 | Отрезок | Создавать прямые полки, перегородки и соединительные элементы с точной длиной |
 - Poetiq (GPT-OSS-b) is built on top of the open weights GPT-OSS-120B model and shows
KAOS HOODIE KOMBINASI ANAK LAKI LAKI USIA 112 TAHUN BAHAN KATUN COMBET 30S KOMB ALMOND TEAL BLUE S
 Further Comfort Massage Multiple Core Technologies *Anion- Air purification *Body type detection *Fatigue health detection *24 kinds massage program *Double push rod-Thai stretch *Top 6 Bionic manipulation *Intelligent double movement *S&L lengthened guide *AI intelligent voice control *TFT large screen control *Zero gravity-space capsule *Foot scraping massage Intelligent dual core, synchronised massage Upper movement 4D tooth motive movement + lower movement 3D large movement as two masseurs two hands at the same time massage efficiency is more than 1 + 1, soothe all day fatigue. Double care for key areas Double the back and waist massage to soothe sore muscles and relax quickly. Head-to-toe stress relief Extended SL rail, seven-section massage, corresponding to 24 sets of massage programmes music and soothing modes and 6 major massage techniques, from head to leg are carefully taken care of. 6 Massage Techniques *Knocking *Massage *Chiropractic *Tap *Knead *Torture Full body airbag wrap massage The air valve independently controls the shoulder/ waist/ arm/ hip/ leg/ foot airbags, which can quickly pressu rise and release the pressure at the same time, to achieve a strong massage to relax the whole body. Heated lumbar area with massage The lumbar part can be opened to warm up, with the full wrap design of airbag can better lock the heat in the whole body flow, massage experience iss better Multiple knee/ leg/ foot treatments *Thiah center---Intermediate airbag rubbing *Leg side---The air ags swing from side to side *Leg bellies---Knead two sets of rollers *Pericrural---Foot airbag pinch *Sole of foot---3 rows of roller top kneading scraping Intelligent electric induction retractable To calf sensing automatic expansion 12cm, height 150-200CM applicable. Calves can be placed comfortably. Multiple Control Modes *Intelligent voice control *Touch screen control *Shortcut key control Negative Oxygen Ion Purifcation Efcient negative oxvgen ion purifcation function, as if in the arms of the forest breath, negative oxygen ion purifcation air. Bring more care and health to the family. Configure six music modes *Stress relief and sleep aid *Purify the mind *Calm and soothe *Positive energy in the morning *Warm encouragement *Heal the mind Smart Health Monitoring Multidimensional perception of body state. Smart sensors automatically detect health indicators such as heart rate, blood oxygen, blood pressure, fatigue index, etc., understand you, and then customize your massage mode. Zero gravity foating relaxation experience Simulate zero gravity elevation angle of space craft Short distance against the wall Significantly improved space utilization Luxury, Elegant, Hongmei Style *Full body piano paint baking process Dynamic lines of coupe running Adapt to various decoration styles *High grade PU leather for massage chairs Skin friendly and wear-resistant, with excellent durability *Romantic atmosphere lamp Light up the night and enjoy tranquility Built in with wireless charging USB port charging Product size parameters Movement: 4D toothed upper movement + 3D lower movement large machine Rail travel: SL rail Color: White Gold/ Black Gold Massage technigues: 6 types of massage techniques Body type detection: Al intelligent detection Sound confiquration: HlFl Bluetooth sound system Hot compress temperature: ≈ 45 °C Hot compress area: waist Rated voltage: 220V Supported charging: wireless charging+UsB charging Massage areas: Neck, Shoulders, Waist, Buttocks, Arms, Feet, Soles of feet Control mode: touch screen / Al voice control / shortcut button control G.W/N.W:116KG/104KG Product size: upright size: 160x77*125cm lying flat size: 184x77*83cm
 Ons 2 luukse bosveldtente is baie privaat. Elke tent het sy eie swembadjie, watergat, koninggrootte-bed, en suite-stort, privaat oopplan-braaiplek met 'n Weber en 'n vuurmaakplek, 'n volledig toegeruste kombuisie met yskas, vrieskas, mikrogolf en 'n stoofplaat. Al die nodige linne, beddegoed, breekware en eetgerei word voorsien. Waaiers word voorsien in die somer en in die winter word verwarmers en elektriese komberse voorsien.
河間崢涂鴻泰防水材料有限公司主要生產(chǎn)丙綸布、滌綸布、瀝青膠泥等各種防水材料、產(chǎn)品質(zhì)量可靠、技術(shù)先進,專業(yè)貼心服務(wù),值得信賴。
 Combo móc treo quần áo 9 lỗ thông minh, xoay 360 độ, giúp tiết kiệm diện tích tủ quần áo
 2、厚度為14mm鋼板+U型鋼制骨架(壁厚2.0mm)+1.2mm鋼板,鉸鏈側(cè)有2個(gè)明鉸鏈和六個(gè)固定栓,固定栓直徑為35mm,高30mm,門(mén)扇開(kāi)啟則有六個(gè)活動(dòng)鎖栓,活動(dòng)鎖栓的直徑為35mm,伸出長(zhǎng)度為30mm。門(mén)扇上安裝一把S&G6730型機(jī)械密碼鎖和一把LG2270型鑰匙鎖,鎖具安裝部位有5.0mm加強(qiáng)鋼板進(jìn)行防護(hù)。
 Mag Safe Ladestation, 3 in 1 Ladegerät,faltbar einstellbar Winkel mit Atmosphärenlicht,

....

ASSIGNMENT: Reproduce the listing above precisely.

EXERCISE OUTPUT:
 | Отрезок | Создавать прямые полки, перегородки и соединительные элементы с точной длиной |
 - Poetiq (GPT-OSS-b) is built on top of the open weights GPT-OSS-120B model and shows
KAOS HOODIE KOMBINASI ANAK LAKI LAKI USIA 112 TAHUN BAHAN KATUN COMBET 30S KOMB ALMOND TEAL BLUE S
 Further Comfort Massage Multiple Core Technologies *Anion- Air purification *Body type detection *Fatigue health detection *24 kinds massage program *Double push rod-Thai stretch *Top 6 Bionic manipulation *Intelligent double movement *S&L lengthened guide *AI intelligent voice control *TFT large screen control *Zero gravity-space capsule *Foot scraping massage Intelligent dual core, synchronised massage Upper movement 4D tooth motive movement + lower movement 3D large movement as two masseurs two hands at the same time massage efficiency is more than 1 + 1, soothe all day fatigue. Double care for key areas Double the back and waist massage to soothe sore muscles and relax quickly. Head-to-toe stress relief Extended SL rail, seven-section massage, corresponding to 24 sets of massage programmes music and soothing modes and 6 major massage techniques, from head to leg are carefully taken care of. 6 Massage Techniques *Knocking *Massage *Chiropractic *Tap *Knead *Torture Full body airbag wrap massage The air valve independently controls the shoulder/ waist/ arm/ hip/ leg/ foot airbags, which can quickly pressu rise and release the pressure at the same time, to achieve a strong massage to relax the whole body. Heated lumbar area with massage The lumbar part can be opened to warm up, with the full wrap design of airbag can better lock the heat in the whole body flow, massage experience iss better Multiple knee/ leg/ foot treatments *Thiah center---Intermediate airbag rubbing *Leg side---The air ags swing from side to side *Leg bellies---Knead two sets of rollers *Pericrural---Foot airbag pinch *Sole of foot---3 rows of roller top kneading scraping Intelligent electric induction retractable To calf sensing automatic expansion 12cm, height 150-200CM applicable. Calves can be placed comfortably. Multiple Control Modes *Intelligent voice control *Touch screen control *Shortcut key control Negative Oxygen Ion Purifcation Efcient negative oxvgen ion purifcation function, as if in the arms of the forest breath, negative oxygen ion purifcation air. Bring more care and health to the family. Configure six music modes *Stress relief and sleep aid *Purify the mind *Calm and soothe *Positive energy in the morning *Warm encouragement *Heal the mind Smart Health Monitoring Multidimensional perception of body state. Smart sensors automatically detect health indicators such as heart rate, blood oxygen, blood pressure, fatigue index, etc., understand you, and then customize your massage mode. Zero gravity foating relaxation experience Simulate zero gravity elevation angle of space craft Short distance against the wall Significantly improved space utilization Luxury, Elegant, Hongmei Style *Full body piano paint baking process Dynamic lines of coupe running Adapt to various decoration styles *High grade PU leather for massage chairs Skin friendly and wear-resistant, with excellent durability *Romantic atmosphere lamp Light up the night and enjoy tranquility Built in with wireless charging USB port charging Product size parameters Movement: 4D toothed upper movement + 3D lower movement large machine Rail travel: SL rail Color: White Gold/ Black Gold Massage technigues: 6 types of massage techniques Body type detection: Al intelligent detection Sound confiquration: HlFl Bluetooth sound system Hot compress temperature: ≈ 45 °C Hot compress area: waist Rated voltage: 220V Supported charging: wireless charging+UsB charging Massage areas: Neck, Shoulders, Waist, Buttocks, Arms, Feet, Soles of feet Control mode: touch screen / Al voice control / shortcut button control G.W/N.W:116KG/104KG Product size: upright size: 160x77*125cm lying flat size: 184x77*83cm
 Ons 2 luukse bosveldtente is baie privaat. Elke tent het sy eie swembadjie, watergat, koninggrootte-bed, en suite-stort, privaat oopplan-braaiplek met 'n Weber en 'n vuurmaakplek, 'n volledig toegeruste kombuisie met yskas, vrieskas, mikrogolf en 'n stoofplaat. Al die nodige linne, beddegoed, breekware en eetgerei word voorsien. Waaiers word voorsien in die somer en in die winter word verwarmers en elektriese komberse voorsien.
河間崢涂鴻泰防水材料有限公司主要生產(chǎn)丙綸布、滌綸布、瀝青膠泥等各種防水材料、產(chǎn)品質(zhì)量可靠、技術(shù)先進,專業(yè)貼心服務(wù),值得信賴。
 Combo móc treo quần áo 9 lỗ thông minh, xoay 360 độ, giúp tiết kiệm diện tích tủ quần áo
 2、厚度為14mm鋼板+U型鋼制骨架(壁厚2.0mm)+1.2mm鋼板,鉸鏈側(cè)有2個(gè)明鉸鏈和六個(gè)固定栓,固定栓直徑為35mm,高30mm,門(mén)扇開(kāi)啟則有六個(gè)活動(dòng)鎖栓,活動(dòng)鎖栓的直徑為35mm,伸出長(zhǎng)度為30mm。門(mén)扇上安裝一把S&G6730型機(jī)械密碼鎖和一把LG2270型鑰匙鎖,鎖具安裝部位有5.0mm加強(qiáng)鋼板進(jìn)行防護(hù)。
 Mag Safe Ladestation, 3 in 1 Ladegerät,faltbar einstellbar Winkel mit Atmosphärenlicht,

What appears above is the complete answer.